Back then, love was so frightening. When I saw him, when I
held him, I could feel the danger of it--I could feel the
small, sharp pains in my heart; just by looking at him I
felt my heart would burst in overwhelming fullness. What
the poets called heartache, I felt in the shadow of his
gaze. Even though we were in love, together, it was a
solitary experience. I couldn't let myself go, just yet.
I was so young...and even though it was just one year ago,
I feel as if I aged many years since then.

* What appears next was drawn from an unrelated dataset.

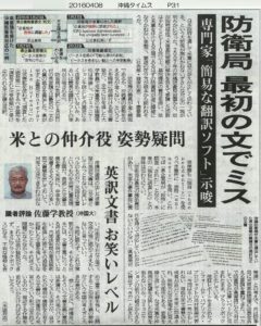 20160408 沖縄タイムス P31 専門家簡易な翻訳ソフト示唆 防衛局最初の文でミス 米国との仲介役姿勢疑問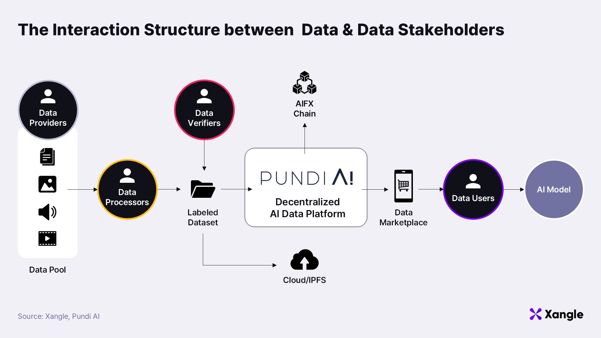 The Pundi AI platform is a decentralized data platform comprising various stakeholders in the AI data ecosystem—data providers, processors, validators, and users. This ecosystem enables transparent and fair management of data throughout the entire process, from creation to utilization, through interaction among participants and data.

I guess the details of our separation are unimportant. I
accredit it to the fact that we were young, perhaps. It
sounds cliche, but what can I say? What rationalizations
can any human being give for losing something so much
greater than any human life? A million words could not
describe what love meant to me, and a million words cannot
describe the aftermath. It's not necessarily depressing.
I haven't necessarily experienced much heartache. It never
really hurts unless I remember, and only then it's because
I'm selfish, and miss what I no longer have. Most of the time, I
just feel empty. Once you have something there, someone to fill
the void, it's suddenly noticeable after they're gone. Suddenly I
missed the fact that he was never there on time.

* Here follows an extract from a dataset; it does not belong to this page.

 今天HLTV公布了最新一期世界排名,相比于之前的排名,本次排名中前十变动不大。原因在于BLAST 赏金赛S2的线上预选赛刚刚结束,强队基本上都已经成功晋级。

I guess I realize now that love is something that's
important enough to risk the world for, or at least, a
little dignity, a little pride. But I'm not cynical, not just yet.
I've never been cynical. A lost love, a lost virginity...a lost
era...these are not reasons to reject innocence. I
ate from the tree of knowledge, but I refuse to leave the
garden. Maybe I'm being naive, but how else can I deal with
these memories of him? When I drive, I look for his car. I hope
that maybe I'll run into him, randomly, somewhere. I hope that
maybe we'll meet again, and have another lazy summer. But I never
really realize that we separated for a reason, when I'm too busy
missing him. I never really realize how annoyed I'd get when he
wasn't punctual, or how mad it made me when he wouldn't listen to
what I was saying. I'm not in love with him now, though I was very
much in love before, and I can't help worrying that maybe I'll never
feel that same love again. So I cling to his memory, just to relive
a few of those feelings, to make myself feel alive, human, again.
And this, too, shall pass...

Someday I'll fall in love again--I'm only human--and next time, I'll
let myself go in the scariness. I'll let love swim around me; I'll
let myself swim in it. Until then, I'll be Odysseus, twenty years
from home...lost except for my memory. Why should that be
bad?

I'll touch shore, eventually.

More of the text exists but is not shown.